Your goal –
Write out exactly the lines below starting at the one containing "是一款好玩的充满魔性的休闲射" and ending at the one containing "Durante el día, el". Omit every picture.

Exercise inputs –
********************

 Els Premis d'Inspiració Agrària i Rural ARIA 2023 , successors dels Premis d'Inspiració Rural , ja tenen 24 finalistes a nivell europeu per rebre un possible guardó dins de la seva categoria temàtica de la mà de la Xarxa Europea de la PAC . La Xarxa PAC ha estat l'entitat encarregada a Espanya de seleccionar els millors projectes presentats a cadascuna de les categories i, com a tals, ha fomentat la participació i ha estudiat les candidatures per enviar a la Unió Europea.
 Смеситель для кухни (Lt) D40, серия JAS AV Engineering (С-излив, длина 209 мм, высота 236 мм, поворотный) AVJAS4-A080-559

********************

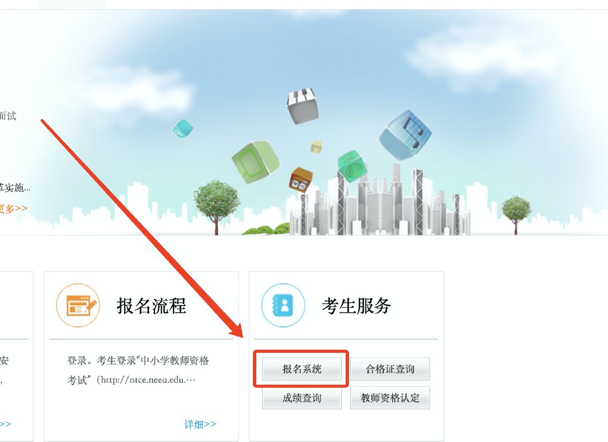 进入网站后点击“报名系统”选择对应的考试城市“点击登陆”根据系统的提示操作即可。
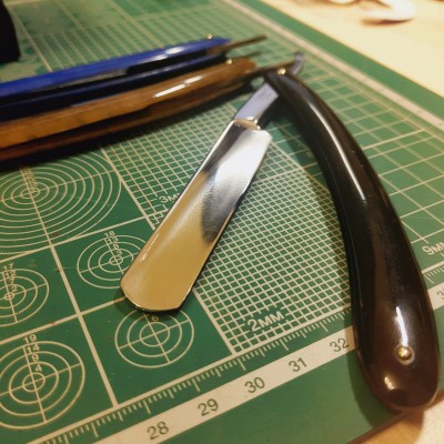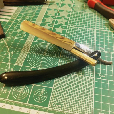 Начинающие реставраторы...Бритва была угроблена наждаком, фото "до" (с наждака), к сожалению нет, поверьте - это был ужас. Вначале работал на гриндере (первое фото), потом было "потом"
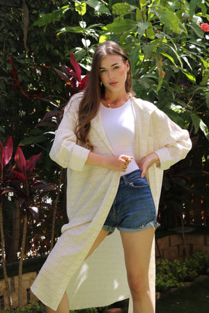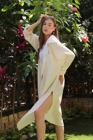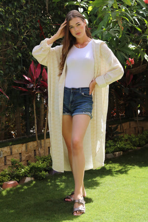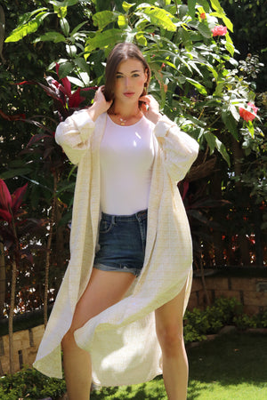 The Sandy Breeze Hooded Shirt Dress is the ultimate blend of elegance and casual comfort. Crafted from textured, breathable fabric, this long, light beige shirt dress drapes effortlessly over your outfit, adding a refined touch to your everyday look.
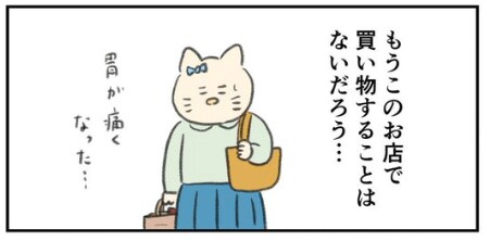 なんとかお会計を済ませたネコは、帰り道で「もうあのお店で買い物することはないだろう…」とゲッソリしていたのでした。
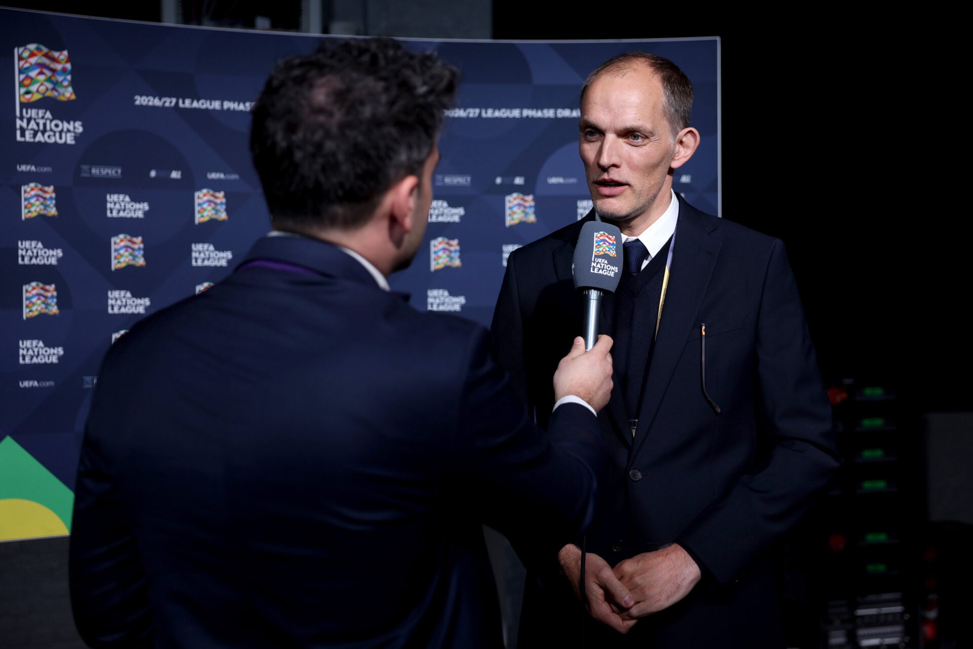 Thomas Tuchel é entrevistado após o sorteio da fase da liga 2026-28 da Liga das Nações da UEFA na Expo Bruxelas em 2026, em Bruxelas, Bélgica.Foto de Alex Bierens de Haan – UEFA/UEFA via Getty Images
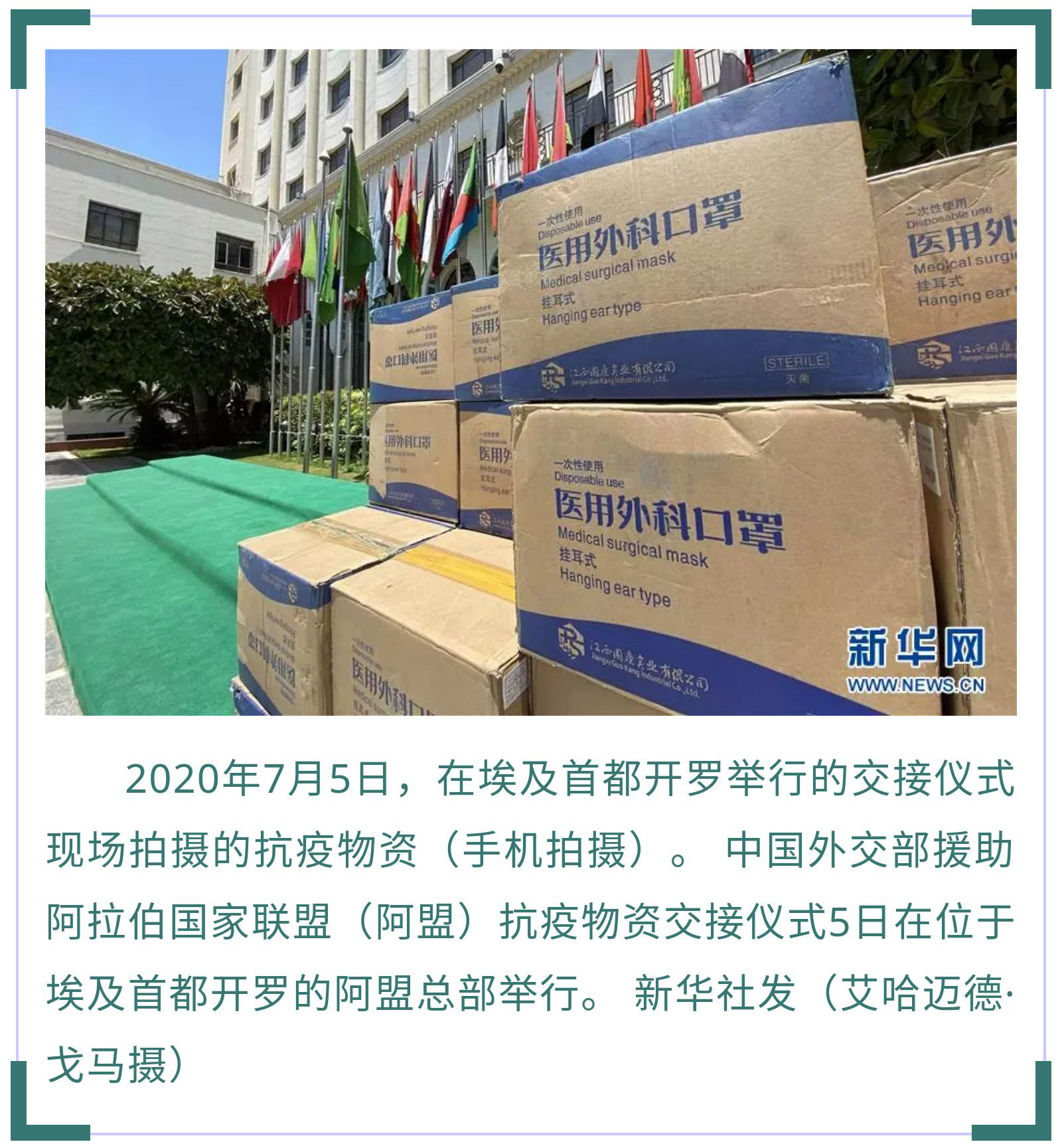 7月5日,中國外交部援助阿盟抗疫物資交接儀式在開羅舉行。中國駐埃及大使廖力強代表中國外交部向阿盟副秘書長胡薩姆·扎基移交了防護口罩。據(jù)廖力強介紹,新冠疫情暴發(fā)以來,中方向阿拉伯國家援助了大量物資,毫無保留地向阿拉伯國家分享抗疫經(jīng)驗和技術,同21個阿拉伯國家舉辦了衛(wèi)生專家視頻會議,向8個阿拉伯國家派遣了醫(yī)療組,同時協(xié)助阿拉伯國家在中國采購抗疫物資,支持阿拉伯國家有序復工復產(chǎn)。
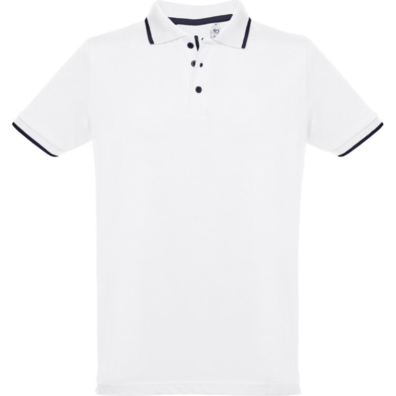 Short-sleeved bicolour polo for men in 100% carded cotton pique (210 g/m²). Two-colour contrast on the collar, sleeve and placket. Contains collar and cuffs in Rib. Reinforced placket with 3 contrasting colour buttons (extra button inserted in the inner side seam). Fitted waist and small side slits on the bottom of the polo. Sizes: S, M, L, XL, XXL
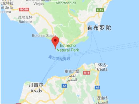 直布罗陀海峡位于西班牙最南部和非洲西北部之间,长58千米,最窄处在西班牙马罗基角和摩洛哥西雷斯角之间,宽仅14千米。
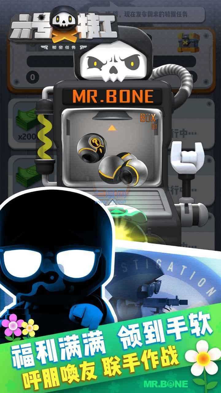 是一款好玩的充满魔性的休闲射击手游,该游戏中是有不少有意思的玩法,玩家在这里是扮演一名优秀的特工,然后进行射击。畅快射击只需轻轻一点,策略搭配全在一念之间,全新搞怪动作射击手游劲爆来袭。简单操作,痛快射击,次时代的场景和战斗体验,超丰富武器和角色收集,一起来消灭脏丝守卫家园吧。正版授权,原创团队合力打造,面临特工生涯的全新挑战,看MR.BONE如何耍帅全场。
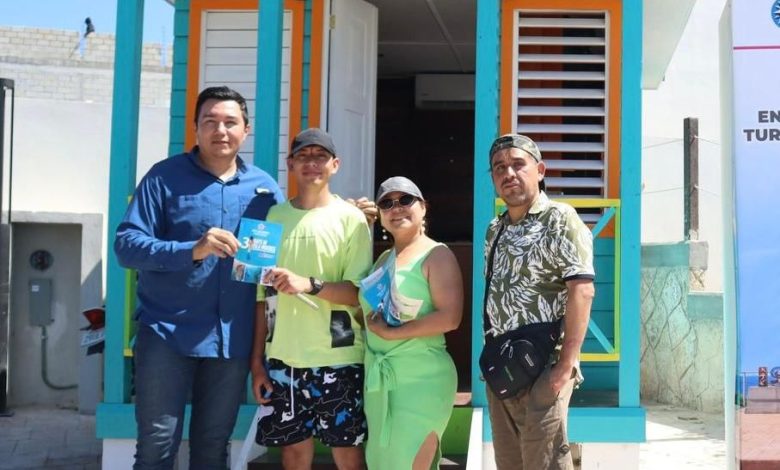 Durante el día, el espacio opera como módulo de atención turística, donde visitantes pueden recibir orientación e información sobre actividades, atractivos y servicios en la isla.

********************

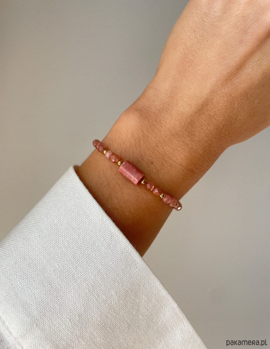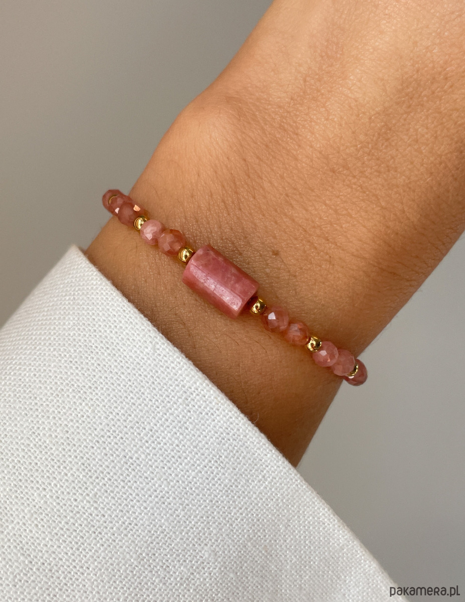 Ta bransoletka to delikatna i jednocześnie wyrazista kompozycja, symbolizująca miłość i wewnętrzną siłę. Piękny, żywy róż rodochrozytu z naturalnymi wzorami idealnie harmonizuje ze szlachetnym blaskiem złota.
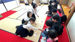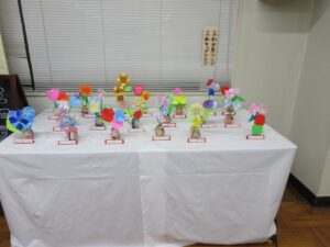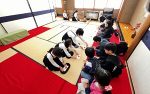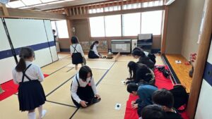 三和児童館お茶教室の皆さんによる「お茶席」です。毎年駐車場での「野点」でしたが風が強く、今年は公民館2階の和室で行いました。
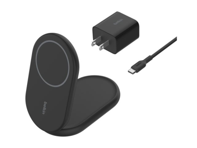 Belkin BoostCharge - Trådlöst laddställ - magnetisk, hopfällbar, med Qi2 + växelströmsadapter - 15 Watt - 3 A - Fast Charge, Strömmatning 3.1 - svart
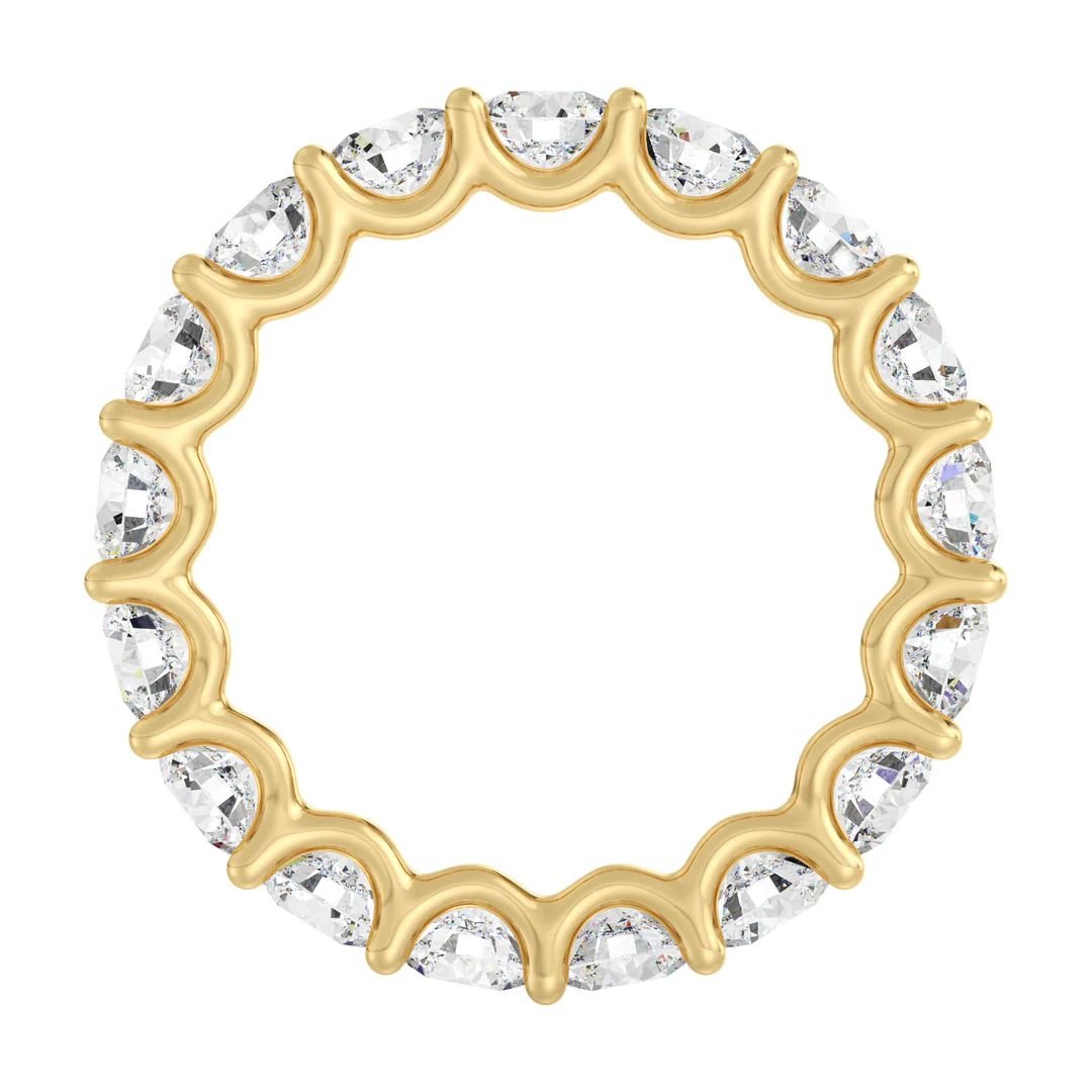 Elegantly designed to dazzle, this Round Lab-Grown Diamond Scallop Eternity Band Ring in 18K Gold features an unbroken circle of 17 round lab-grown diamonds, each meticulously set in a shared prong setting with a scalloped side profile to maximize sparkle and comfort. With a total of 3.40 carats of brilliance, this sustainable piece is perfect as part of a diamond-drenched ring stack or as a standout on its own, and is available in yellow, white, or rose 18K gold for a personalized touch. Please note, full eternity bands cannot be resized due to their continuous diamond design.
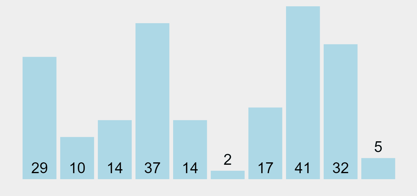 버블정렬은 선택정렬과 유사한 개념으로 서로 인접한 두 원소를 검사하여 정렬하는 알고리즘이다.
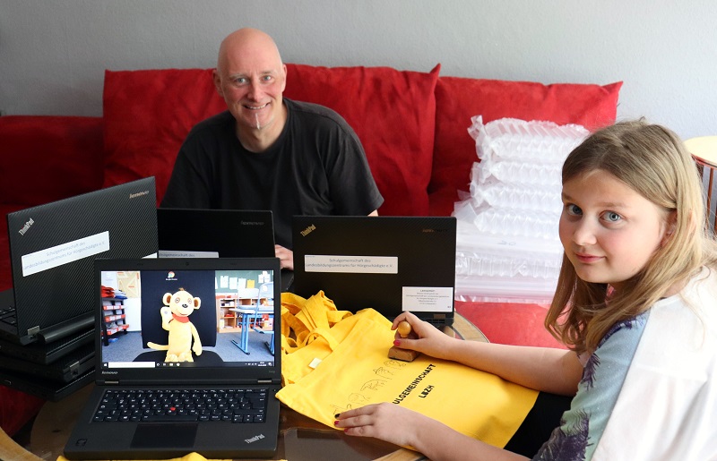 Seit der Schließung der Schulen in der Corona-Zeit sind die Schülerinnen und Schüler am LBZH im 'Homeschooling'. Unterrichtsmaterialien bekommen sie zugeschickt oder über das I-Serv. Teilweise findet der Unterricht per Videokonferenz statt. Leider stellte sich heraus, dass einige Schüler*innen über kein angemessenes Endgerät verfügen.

********************

Response –
 是一款好玩的充满魔性的休闲射击手游,该游戏中是有不少有意思的玩法,玩家在这里是扮演一名优秀的特工,然后进行射击。畅快射击只需轻轻一点,策略搭配全在一念之间,全新搞怪动作射击手游劲爆来袭。简单操作,痛快射击,次时代的场景和战斗体验,超丰富武器和角色收集,一起来消灭脏丝守卫家园吧。正版授权,原创团队合力打造,面临特工生涯的全新挑战,看MR.BONE如何耍帅全场。
 Durante el día, el espacio opera como módulo de atención turística, donde visitantes pueden recibir orientación e información sobre actividades, atractivos y servicios en la isla.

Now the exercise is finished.